*TASK TO COMPLETE*
Repeat the span of the entries below that starts at the line with "Assortment of Sweet" and ends at the line with "새로운 그룹을 생성합니다.", nothing more. Skip the pictures.

*MATERIAL PROVIDED*

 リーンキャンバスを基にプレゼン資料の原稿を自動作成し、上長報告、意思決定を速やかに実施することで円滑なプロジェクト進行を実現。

==

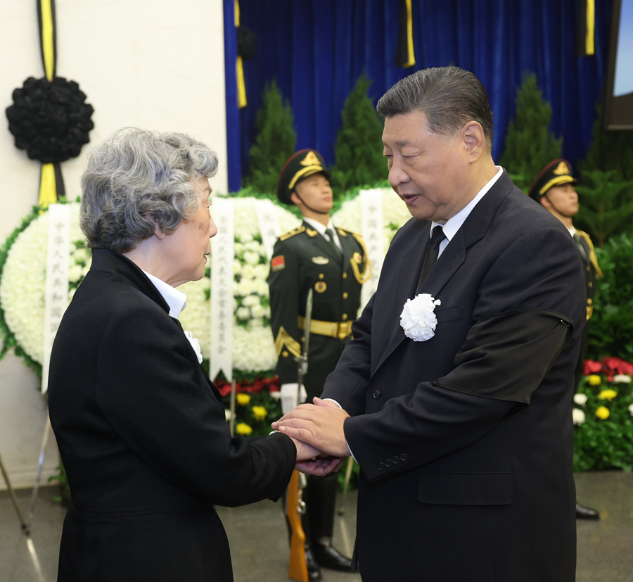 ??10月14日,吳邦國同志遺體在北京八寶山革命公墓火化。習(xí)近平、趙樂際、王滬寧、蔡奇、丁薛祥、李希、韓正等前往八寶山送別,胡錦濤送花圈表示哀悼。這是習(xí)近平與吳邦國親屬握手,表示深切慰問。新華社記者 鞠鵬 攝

...

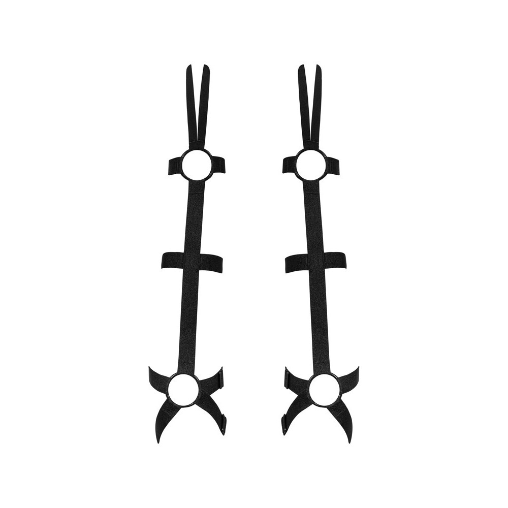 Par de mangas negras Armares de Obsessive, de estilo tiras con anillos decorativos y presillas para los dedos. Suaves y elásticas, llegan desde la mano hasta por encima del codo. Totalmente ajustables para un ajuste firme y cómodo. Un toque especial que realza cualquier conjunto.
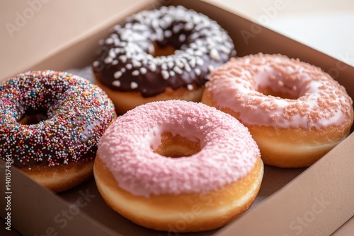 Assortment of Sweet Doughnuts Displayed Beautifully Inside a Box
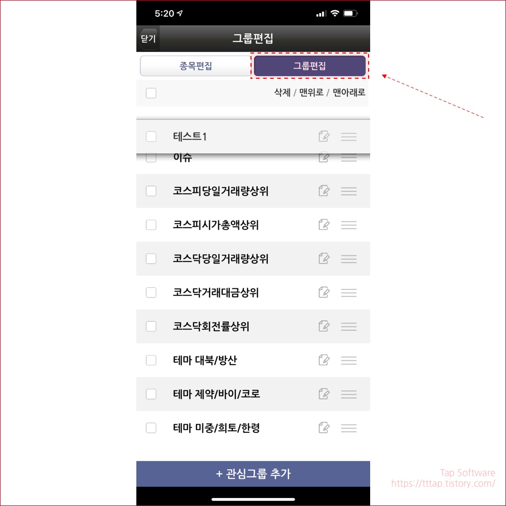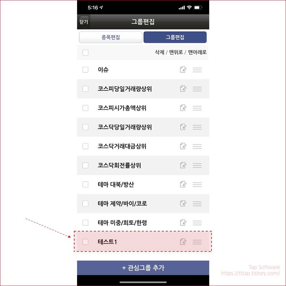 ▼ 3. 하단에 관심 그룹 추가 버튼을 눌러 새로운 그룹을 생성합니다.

*SOLUTION TO THIS TASK*
 Assortment of Sweet Doughnuts Displayed Beautifully Inside a Box
 ▼ 3. 하단에 관심 그룹 추가 버튼을 눌러 새로운 그룹을 생성합니다.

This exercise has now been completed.